- Task brief -
Each entry should be copied as it stands, leaving the pictures behind.

- Material provided -
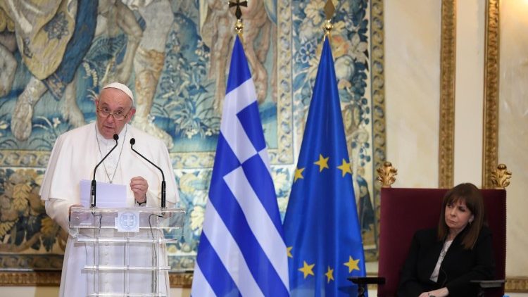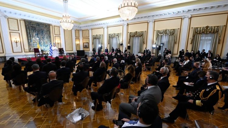 Свою першу промову в Греції Папа Франциск виголосив під час відвідин, 4 грудня 2021 р., Президентського палацу, де він здійснив візит ввічливості до Президентки країни, мав окрему зустріч із Главою уряду, а також зустрівся з представниками цивільної та церковної влади, дипломатичного корпусу, громадянського суспільства та світу культури.
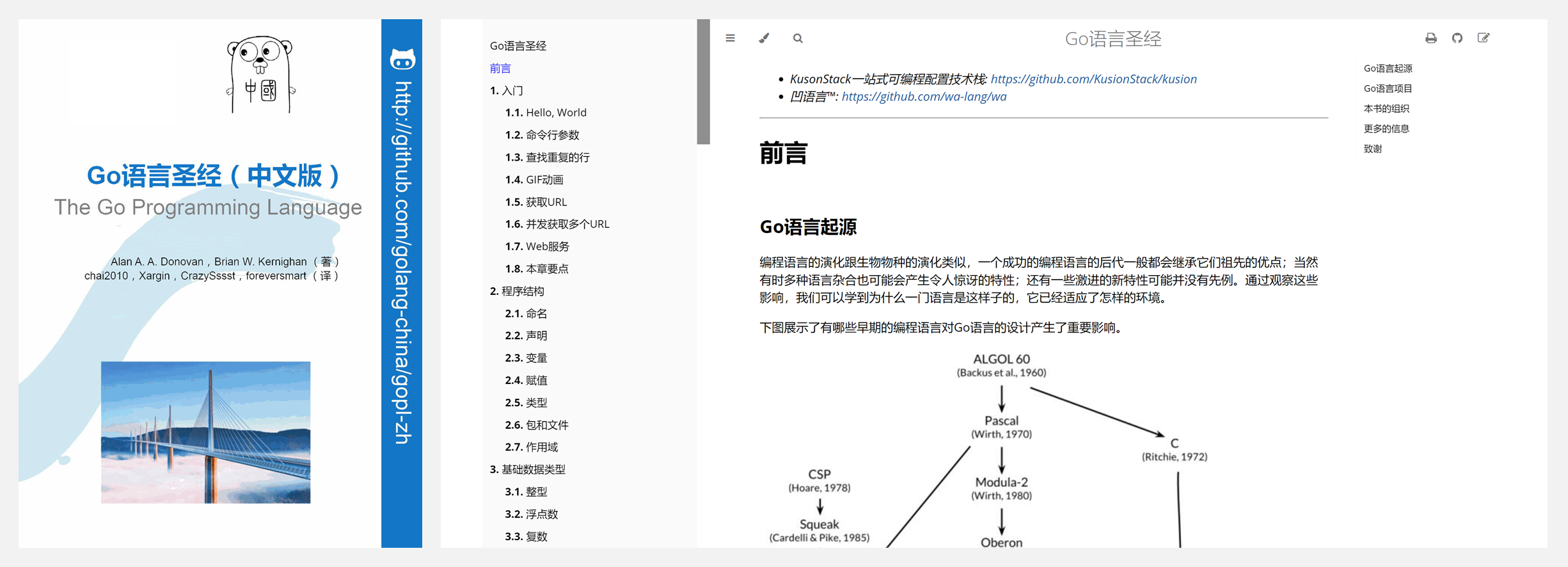 在 Go 语言2009年正式发布约5年之后,由Go语言核心团队成员 Alan A. A. Donovan 和 Brian W. Kernighan 合作编写了Go语言方面的经典教材《The Go Programming Language》。大部分Go语言核心团队的成员都参与了该书校对工作,因此该书的质量是可以完全放心的。中文版由中文Go语言社区的团队写作完成。
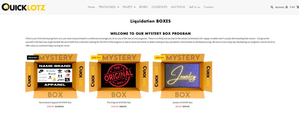 While Quicklotz provides strong value for volume buyers, the quality and condition of items can vary significantly, and returns are generally not accepted. It’s a solid option for experienced flippers and bargain hunters, but casual mystery box shoppers may prefer more curated and consumer-friendly platforms like JemLit.
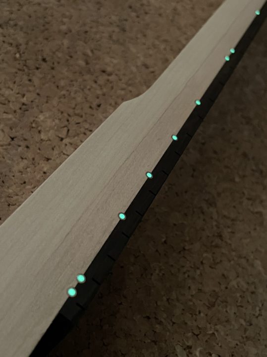 Luminlayの蓄光材はちょっと暗いだけでも光るので嬉しいです。それでいて奏者以外にはそこまで目立たない。
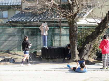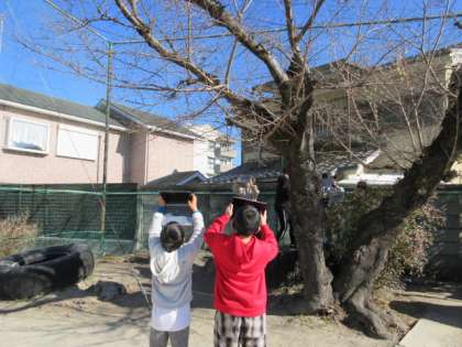 四季を通じて観察をしている木の写真を撮りました。撮影する姿に気合を感じました。写真を撮るためにじっくり観察しているうちに「枝の先に何かある」「つぼみかな」「何か秘密がありそう」など、冬芽に気づくつぶやきが聞こえてきました。
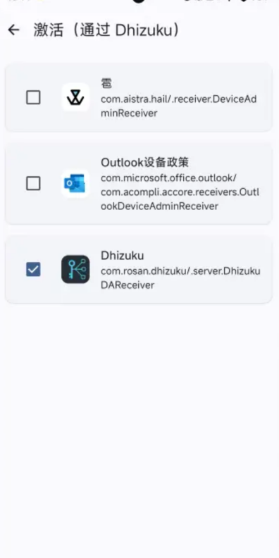 如果激活成功,Dhizuku应用会显示"已激活"状态
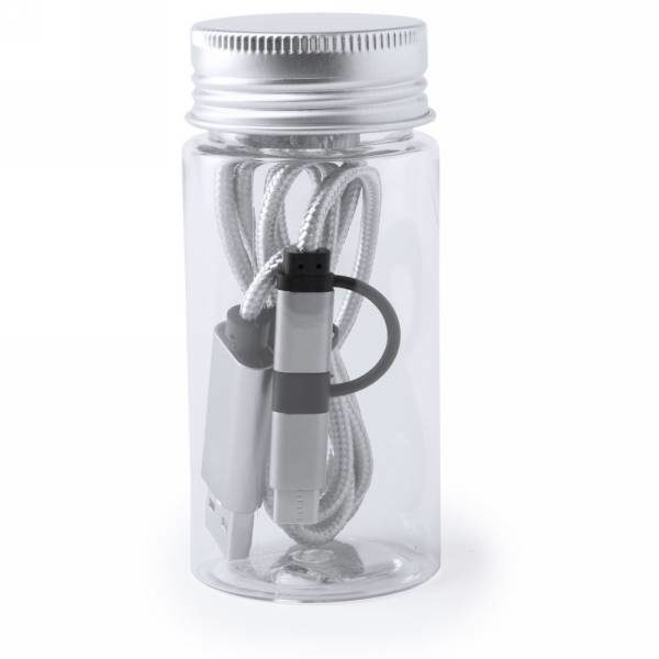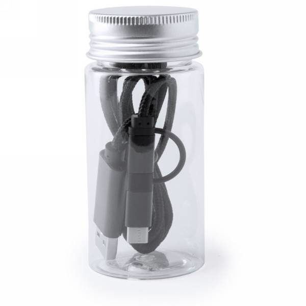 Charging cable with 3 plugs: USB, USB type C and 2 in 1 plug (micro USB and compatible with iOS devices), 100 cm, in transparent case
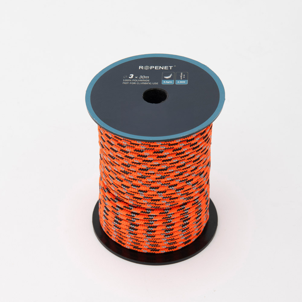 さまざまな用途に使えるナイロン製のアクセサリーコードです。30m巻きの大容量タイプ。巻き芯が付属し、収納と管理にも便利です。登山やキャンプなどアウトドアで広く使用できます。(クライミン用ではありません。破断強度を超えるような負荷がかかる物体の固定や人体の安全確保を目的とした使用はできません)

- Your response -
 Свою першу промову в Греції Папа Франциск виголосив під час відвідин, 4 грудня 2021 р., Президентського палацу, де він здійснив візит ввічливості до Президентки країни, мав окрему зустріч із Главою уряду, а також зустрівся з представниками цивільної та церковної влади, дипломатичного корпусу, громадянського суспільства та світу культури.
 在 Go 语言2009年正式发布约5年之后,由Go语言核心团队成员 Alan A. A. Donovan 和 Brian W. Kernighan 合作编写了Go语言方面的经典教材《The Go Programming Language》。大部分Go语言核心团队的成员都参与了该书校对工作,因此该书的质量是可以完全放心的。中文版由中文Go语言社区的团队写作完成。
 While Quicklotz provides strong value for volume buyers, the quality and condition of items can vary significantly, and returns are generally not accepted. It’s a solid option for experienced flippers and bargain hunters, but casual mystery box shoppers may prefer more curated and consumer-friendly platforms like JemLit.
 Luminlayの蓄光材はちょっと暗いだけでも光るので嬉しいです。それでいて奏者以外にはそこまで目立たない。
 四季を通じて観察をしている木の写真を撮りました。撮影する姿に気合を感じました。写真を撮るためにじっくり観察しているうちに「枝の先に何かある」「つぼみかな」「何か秘密がありそう」など、冬芽に気づくつぶやきが聞こえてきました。
 如果激活成功,Dhizuku应用会显示"已激活"状态
 Charging cable with 3 plugs: USB, USB type C and 2 in 1 plug (micro USB and compatible with iOS devices), 100 cm, in transparent case
 さまざまな用途に使えるナイロン製のアクセサリーコードです。30m巻きの大容量タイプ。巻き芯が付属し、収納と管理にも便利です。登山やキャンプなどアウトドアで広く使用できます。(クライミン用ではありません。破断強度を超えるような負荷がかかる物体の固定や人体の安全確保を目的とした使用はできません)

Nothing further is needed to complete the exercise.